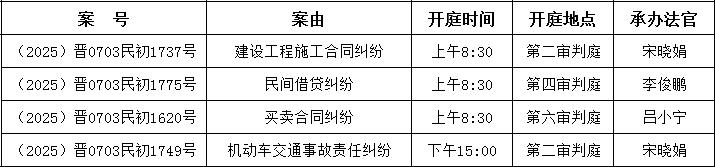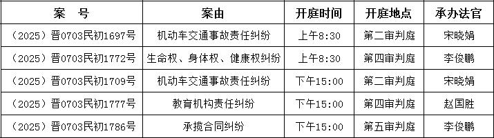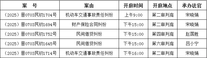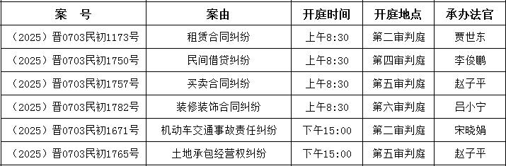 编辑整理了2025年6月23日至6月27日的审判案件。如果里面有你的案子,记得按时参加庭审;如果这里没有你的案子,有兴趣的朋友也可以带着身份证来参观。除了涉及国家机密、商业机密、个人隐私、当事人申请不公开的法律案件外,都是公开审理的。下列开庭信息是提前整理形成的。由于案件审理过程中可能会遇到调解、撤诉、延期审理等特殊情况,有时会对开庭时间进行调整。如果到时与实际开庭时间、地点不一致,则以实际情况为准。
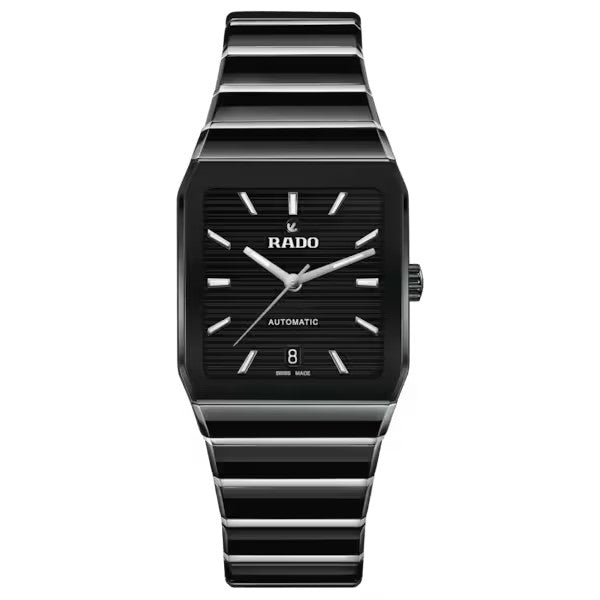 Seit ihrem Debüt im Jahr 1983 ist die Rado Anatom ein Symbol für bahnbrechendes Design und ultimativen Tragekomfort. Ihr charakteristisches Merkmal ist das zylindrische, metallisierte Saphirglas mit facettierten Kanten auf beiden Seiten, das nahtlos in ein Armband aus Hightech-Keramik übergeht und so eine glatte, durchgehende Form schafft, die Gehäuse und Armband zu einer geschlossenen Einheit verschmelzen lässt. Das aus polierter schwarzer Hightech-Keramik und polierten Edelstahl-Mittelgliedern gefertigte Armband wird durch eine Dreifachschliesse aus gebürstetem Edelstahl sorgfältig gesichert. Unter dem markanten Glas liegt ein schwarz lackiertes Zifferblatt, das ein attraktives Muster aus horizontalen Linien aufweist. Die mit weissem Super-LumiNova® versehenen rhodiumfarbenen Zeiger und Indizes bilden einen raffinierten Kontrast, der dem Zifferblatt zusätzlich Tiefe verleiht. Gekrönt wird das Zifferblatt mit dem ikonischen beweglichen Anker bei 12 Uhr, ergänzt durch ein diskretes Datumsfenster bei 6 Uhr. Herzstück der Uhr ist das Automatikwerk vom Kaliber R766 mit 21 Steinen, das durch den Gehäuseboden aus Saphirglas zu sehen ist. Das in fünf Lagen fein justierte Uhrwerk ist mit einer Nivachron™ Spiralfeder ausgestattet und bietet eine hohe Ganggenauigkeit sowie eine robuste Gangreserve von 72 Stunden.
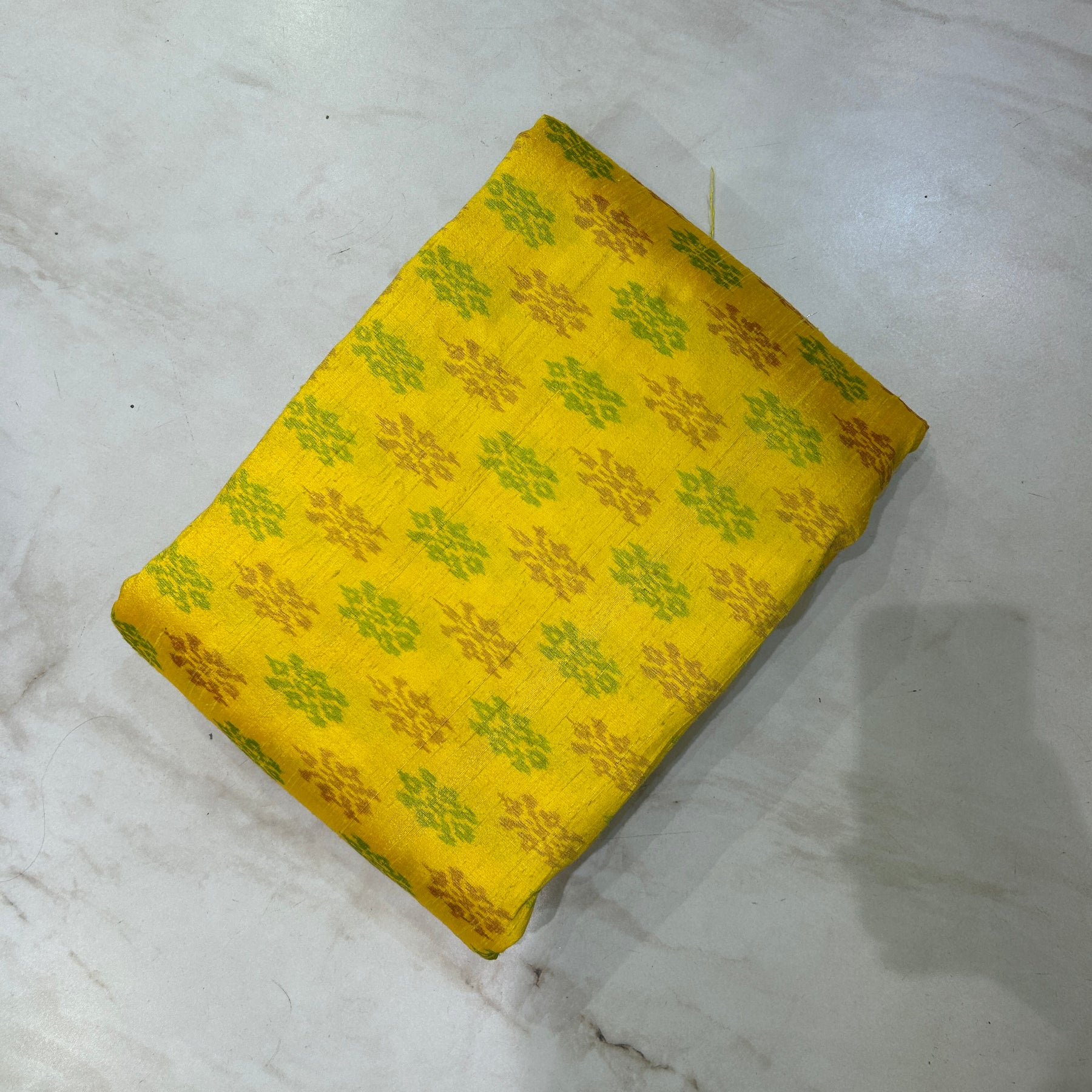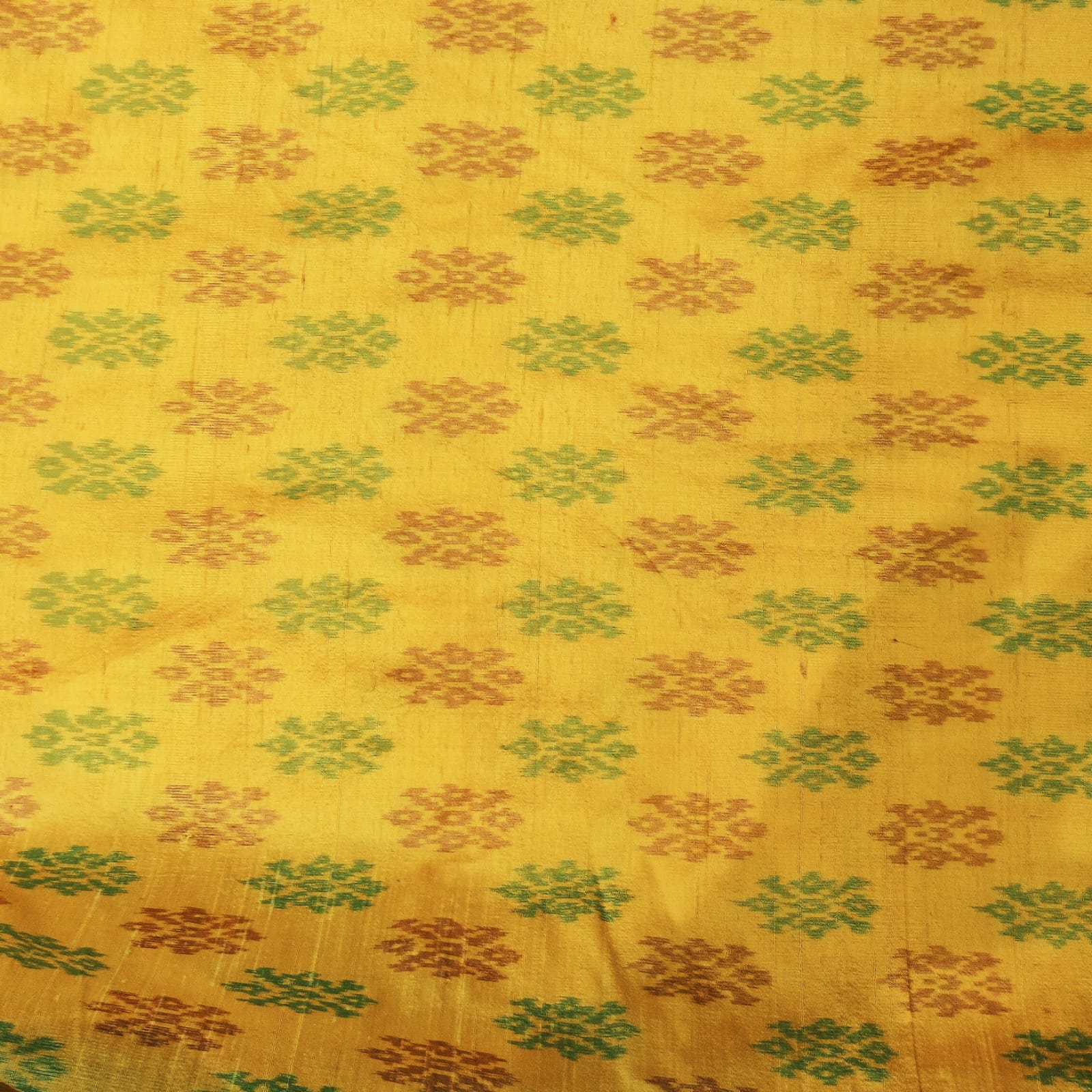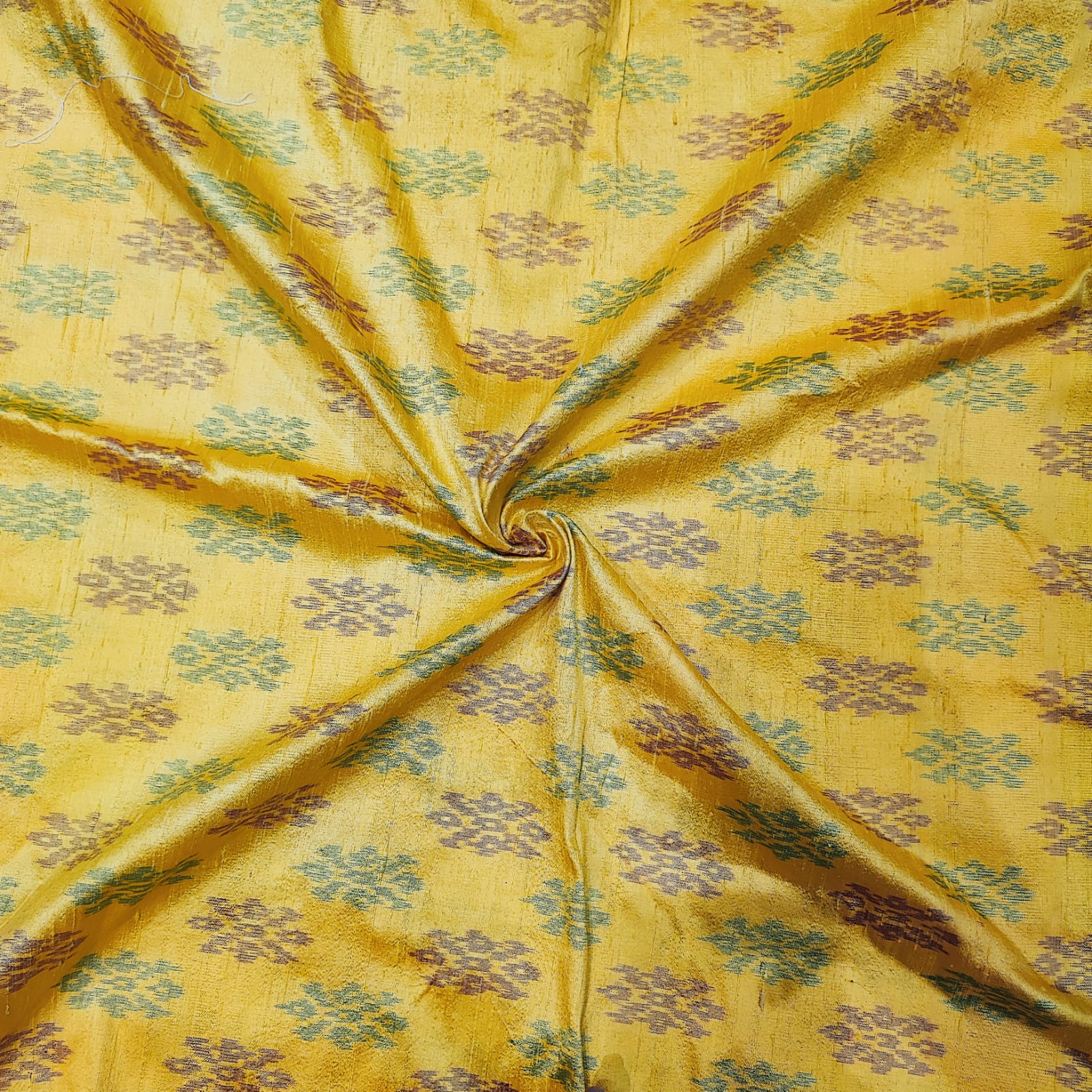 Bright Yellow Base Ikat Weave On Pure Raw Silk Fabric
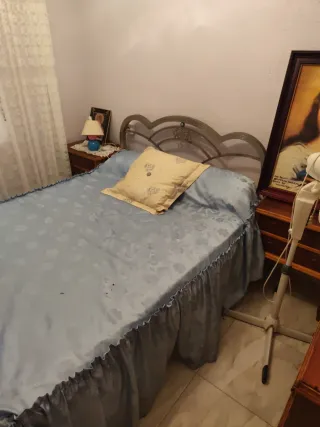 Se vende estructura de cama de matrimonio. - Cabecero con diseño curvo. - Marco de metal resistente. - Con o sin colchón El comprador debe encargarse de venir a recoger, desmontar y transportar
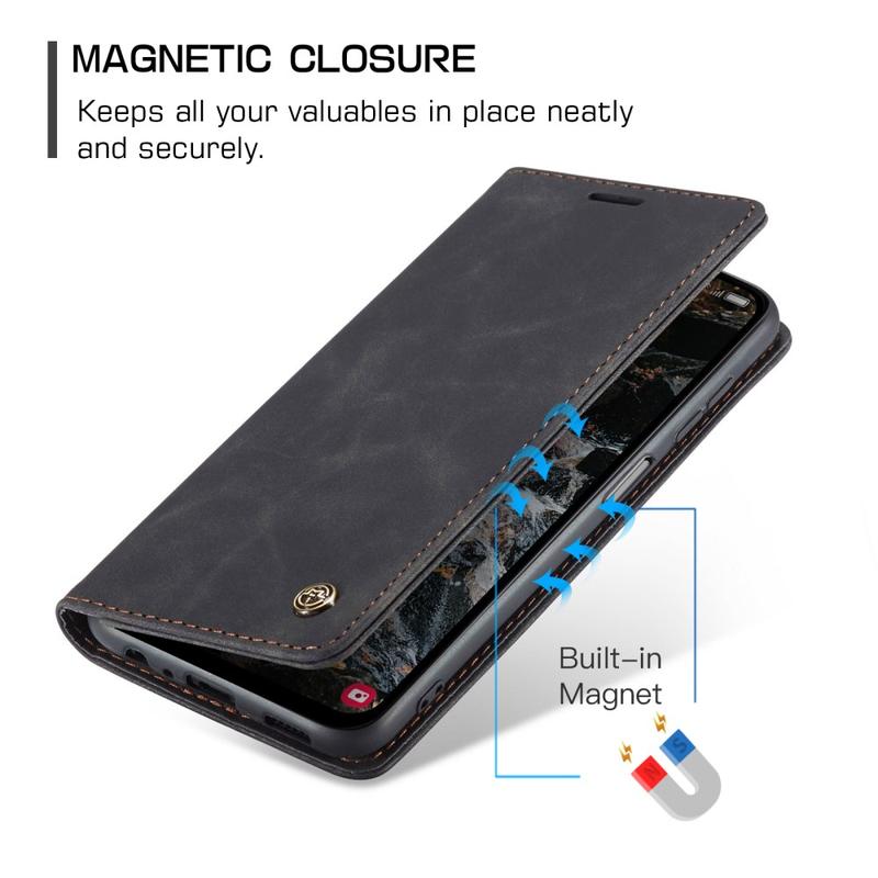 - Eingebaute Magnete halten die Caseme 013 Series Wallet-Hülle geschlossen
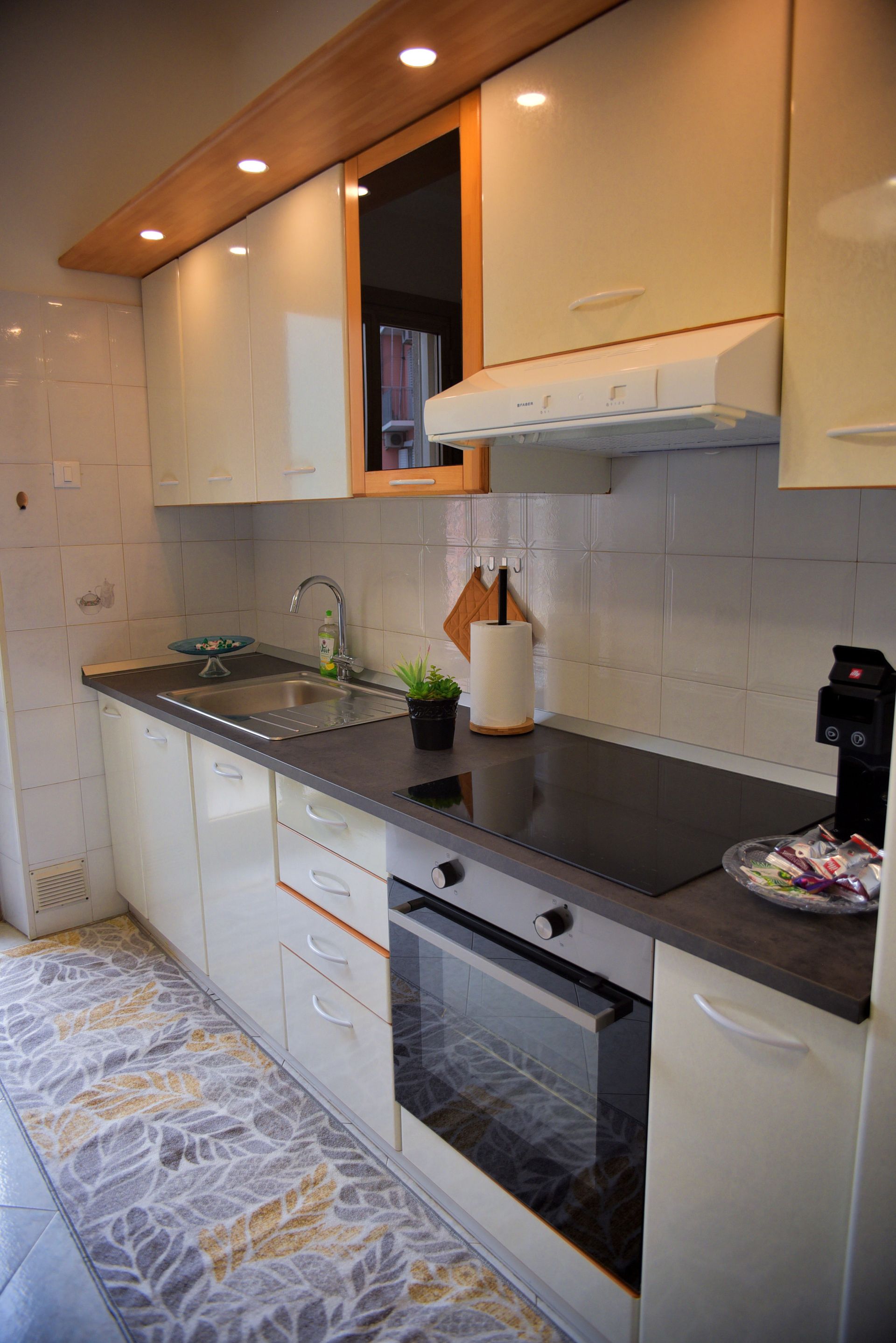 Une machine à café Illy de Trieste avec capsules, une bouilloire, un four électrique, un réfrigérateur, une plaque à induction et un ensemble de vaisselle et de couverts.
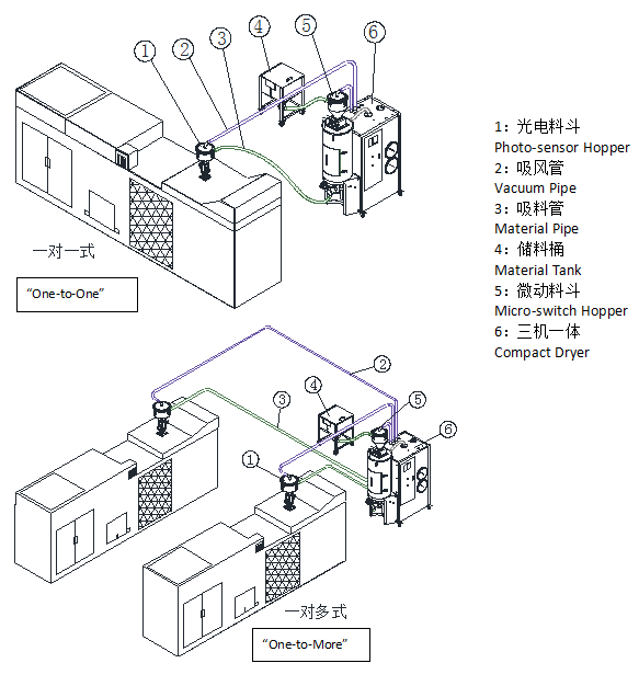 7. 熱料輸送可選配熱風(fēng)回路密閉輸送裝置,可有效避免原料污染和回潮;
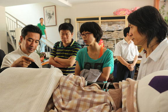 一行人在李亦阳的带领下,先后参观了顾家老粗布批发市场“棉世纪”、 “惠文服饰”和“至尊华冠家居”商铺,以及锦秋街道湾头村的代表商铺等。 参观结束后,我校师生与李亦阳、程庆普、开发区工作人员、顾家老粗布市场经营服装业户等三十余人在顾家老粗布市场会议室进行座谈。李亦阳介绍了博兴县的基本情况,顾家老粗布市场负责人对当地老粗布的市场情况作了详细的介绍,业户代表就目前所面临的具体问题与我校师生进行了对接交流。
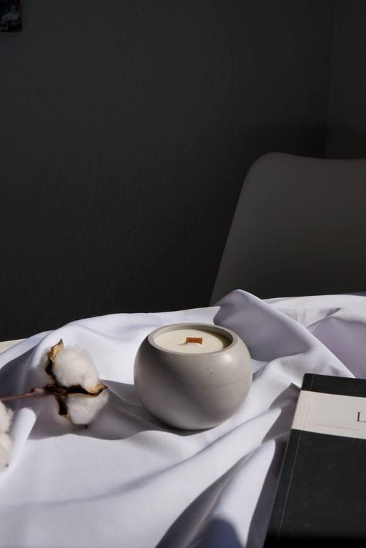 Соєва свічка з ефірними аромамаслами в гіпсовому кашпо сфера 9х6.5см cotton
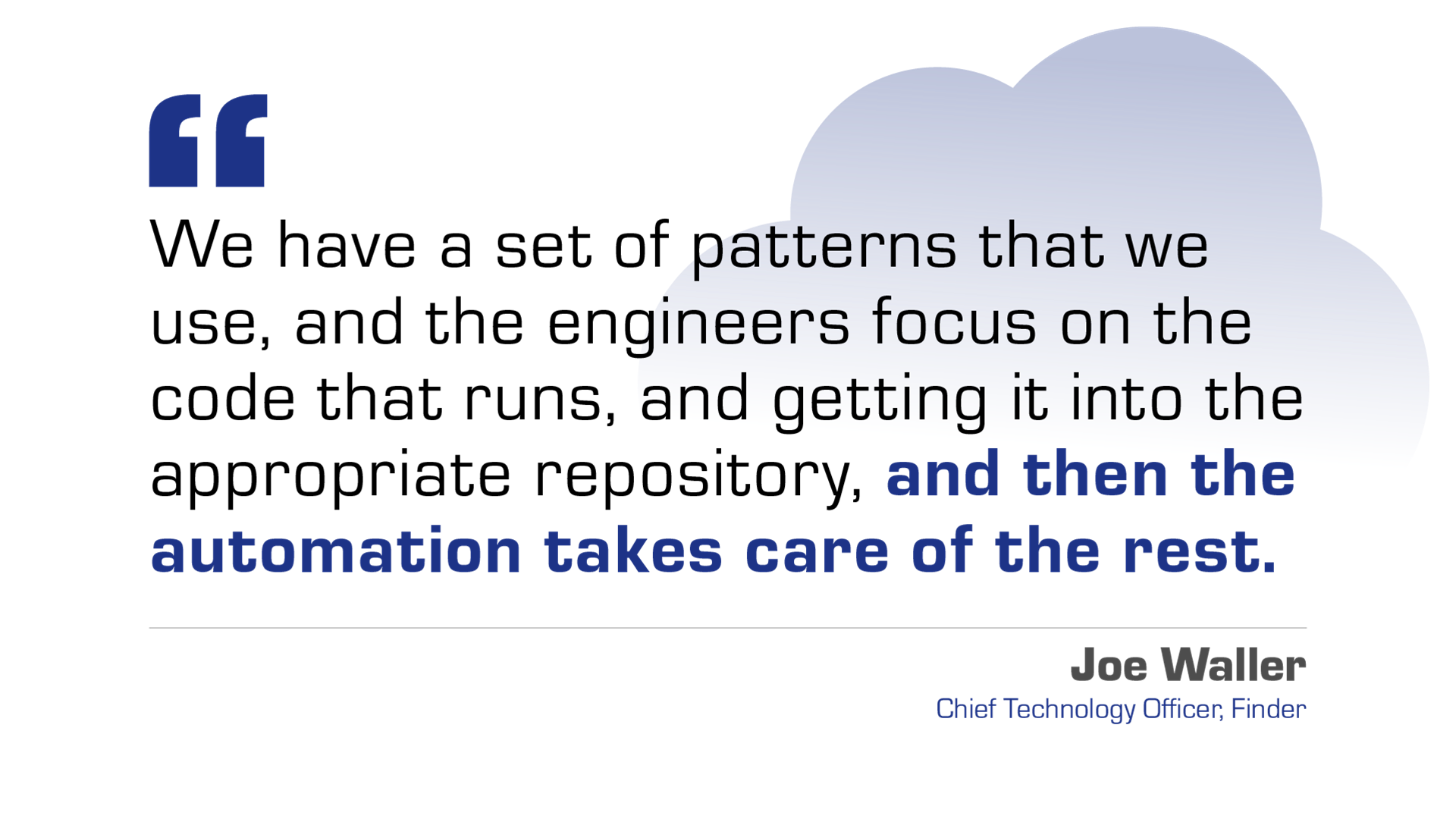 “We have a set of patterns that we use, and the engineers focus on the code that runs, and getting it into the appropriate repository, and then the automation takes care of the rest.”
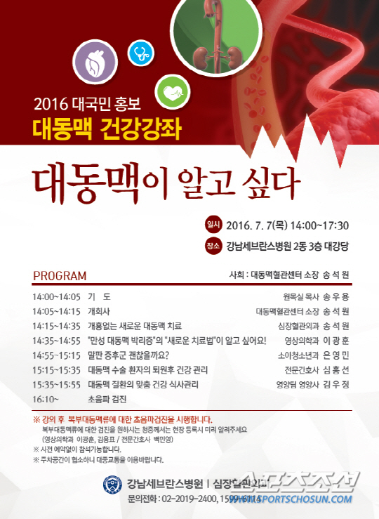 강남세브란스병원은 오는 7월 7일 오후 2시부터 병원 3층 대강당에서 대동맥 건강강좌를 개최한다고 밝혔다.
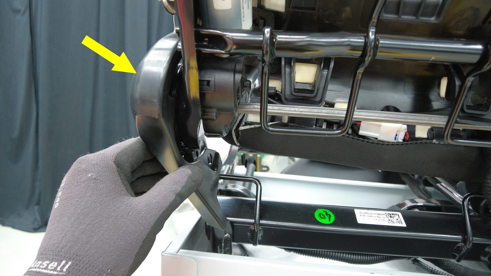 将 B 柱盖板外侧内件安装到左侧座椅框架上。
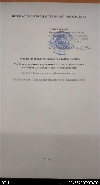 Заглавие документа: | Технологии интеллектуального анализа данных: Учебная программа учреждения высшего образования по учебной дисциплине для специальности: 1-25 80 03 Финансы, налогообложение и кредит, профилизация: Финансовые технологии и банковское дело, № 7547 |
⁂
Required work ▸ What is wanted is an exact copy of the lines above from the one containing "Une machine à" through the one containing "7. 熱料輸送可選配熱風(f", with no pictures in it.

Written answer ▸
 Une machine à café Illy de Trieste avec capsules, une bouilloire, un four électrique, un réfrigérateur, une plaque à induction et un ensemble de vaisselle et de couverts.
 7. 熱料輸送可選配熱風(fēng)回路密閉輸送裝置,可有效避免原料污染和回潮;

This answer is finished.